** Excerpted records follows **

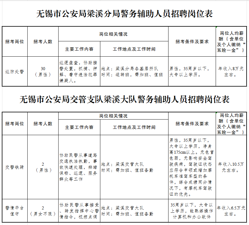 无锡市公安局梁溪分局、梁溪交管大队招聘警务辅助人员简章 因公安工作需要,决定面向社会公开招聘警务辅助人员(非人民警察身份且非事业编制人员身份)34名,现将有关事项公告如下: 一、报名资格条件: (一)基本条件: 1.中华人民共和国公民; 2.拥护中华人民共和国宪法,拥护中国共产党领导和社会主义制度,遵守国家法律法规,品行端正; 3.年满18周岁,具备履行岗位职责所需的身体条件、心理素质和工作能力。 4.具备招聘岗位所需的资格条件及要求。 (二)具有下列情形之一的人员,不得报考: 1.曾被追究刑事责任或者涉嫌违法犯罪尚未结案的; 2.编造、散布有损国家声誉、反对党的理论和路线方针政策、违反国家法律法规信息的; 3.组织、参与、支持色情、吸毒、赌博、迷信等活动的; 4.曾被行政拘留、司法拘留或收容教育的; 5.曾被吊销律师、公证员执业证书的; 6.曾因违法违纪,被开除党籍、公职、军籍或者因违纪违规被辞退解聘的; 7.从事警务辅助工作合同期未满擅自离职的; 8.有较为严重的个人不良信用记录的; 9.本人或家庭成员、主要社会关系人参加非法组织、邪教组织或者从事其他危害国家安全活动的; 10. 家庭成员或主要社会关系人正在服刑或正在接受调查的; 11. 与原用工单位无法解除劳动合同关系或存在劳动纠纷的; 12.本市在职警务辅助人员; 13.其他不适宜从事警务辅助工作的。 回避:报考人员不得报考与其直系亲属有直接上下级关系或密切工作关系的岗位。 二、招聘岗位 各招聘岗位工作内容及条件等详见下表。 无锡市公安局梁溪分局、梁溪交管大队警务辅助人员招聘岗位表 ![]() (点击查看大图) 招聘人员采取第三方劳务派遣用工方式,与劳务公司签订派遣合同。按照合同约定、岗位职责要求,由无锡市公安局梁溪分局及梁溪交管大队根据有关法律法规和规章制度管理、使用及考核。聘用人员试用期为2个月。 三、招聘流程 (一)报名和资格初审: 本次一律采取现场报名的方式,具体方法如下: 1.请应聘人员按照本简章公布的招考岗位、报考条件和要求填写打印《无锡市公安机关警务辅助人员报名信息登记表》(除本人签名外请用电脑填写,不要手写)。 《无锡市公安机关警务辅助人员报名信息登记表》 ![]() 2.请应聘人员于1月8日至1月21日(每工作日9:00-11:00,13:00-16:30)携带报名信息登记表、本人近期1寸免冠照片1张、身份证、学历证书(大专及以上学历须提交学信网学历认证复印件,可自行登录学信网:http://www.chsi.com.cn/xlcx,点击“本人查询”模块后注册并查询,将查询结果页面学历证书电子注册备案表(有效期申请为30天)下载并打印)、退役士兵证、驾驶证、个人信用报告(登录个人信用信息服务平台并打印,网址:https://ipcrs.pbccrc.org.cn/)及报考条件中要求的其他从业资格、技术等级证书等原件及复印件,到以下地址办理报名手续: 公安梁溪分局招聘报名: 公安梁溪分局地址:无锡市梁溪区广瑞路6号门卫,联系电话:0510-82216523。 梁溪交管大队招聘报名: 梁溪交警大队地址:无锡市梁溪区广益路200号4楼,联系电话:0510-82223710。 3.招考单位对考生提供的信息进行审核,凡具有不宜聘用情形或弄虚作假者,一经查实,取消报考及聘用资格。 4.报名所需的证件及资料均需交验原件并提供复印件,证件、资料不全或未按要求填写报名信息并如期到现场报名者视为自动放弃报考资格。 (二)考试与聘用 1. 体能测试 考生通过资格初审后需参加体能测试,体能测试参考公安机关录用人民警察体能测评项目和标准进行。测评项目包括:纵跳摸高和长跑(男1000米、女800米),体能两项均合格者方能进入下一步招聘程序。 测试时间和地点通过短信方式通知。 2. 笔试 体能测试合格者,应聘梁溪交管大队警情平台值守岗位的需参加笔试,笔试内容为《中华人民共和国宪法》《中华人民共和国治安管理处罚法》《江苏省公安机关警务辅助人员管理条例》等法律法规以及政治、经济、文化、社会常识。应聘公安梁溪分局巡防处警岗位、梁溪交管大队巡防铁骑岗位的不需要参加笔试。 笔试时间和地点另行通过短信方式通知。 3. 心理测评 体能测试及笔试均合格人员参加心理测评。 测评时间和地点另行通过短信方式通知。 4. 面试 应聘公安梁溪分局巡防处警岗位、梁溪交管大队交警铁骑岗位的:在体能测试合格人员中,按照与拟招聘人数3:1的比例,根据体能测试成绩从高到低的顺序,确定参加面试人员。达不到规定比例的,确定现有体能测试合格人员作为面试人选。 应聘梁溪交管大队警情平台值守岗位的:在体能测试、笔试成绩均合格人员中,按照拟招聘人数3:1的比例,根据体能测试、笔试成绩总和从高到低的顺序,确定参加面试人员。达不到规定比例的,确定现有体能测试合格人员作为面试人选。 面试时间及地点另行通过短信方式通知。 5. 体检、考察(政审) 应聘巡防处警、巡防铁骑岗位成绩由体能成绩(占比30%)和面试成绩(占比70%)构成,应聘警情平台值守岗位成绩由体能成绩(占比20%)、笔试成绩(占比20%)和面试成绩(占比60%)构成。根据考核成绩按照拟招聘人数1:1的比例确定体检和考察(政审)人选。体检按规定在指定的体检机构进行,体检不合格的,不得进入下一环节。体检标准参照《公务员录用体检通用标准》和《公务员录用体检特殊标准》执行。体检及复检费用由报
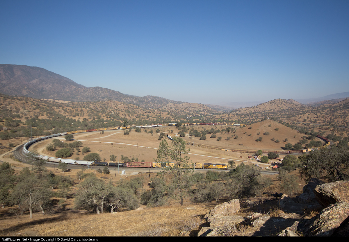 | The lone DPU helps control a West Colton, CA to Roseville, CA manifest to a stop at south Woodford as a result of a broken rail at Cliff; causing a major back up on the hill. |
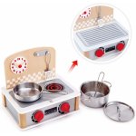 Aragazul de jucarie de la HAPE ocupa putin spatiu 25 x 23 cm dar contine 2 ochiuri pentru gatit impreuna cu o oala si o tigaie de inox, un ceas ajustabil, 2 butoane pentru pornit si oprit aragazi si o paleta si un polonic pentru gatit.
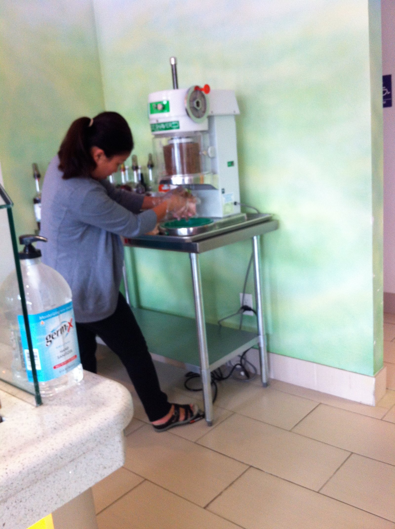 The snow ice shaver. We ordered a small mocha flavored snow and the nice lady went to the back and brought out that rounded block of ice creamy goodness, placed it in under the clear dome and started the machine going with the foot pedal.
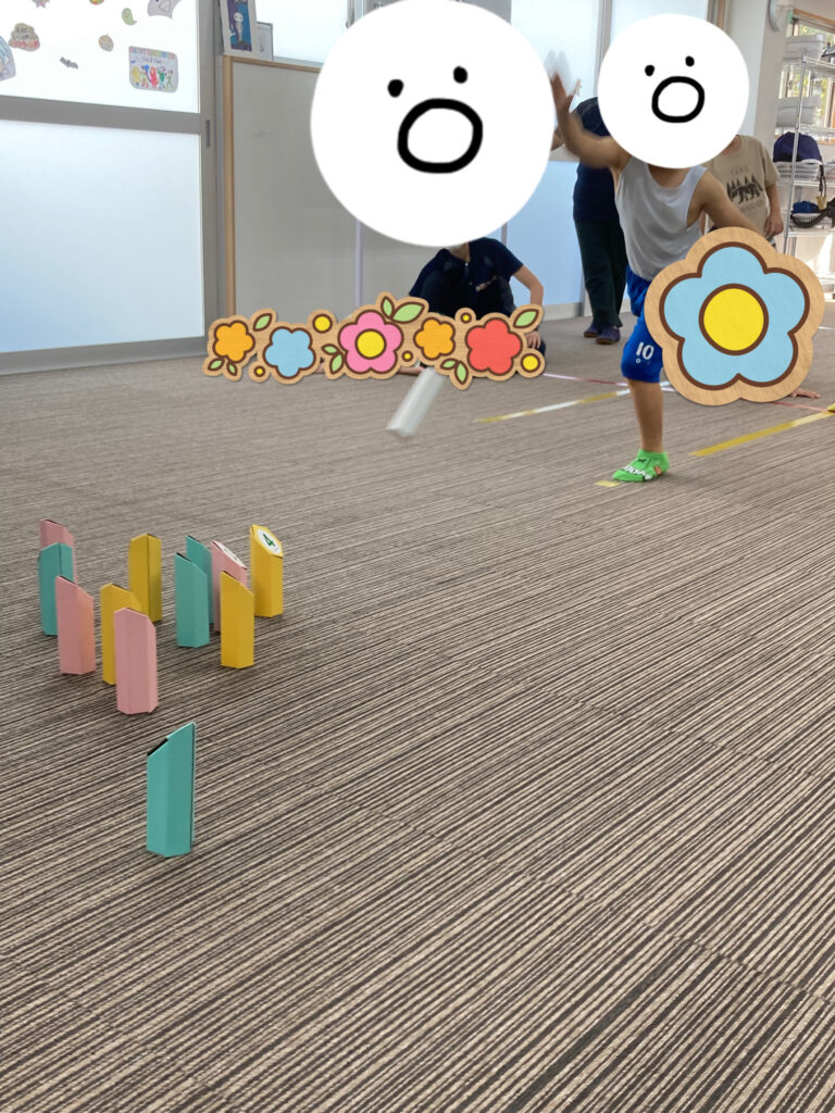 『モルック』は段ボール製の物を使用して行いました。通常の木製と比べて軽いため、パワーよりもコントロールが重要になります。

** End of Excerpted records **

• _Exercise details_
From the line with "the hill. |" down to the end of the entries, retype each line exactly as written, but drop the pictures.

• _Task output_
 | The lone DPU helps control a West Colton, CA to Roseville, CA manifest to a stop at south Woodford as a result of a broken rail at Cliff; causing a major back up on the hill. |
 Aragazul de jucarie de la HAPE ocupa putin spatiu 25 x 23 cm dar contine 2 ochiuri pentru gatit impreuna cu o oala si o tigaie de inox, un ceas ajustabil, 2 butoane pentru pornit si oprit aragazi si o paleta si un polonic pentru gatit.
 The snow ice shaver. We ordered a small mocha flavored snow and the nice lady went to the back and brought out that rounded block of ice creamy goodness, placed it in under the clear dome and started the machine going with the foot pedal.
 『モルック』は段ボール製の物を使用して行いました。通常の木製と比べて軽いため、パワーよりもコントロールが重要になります。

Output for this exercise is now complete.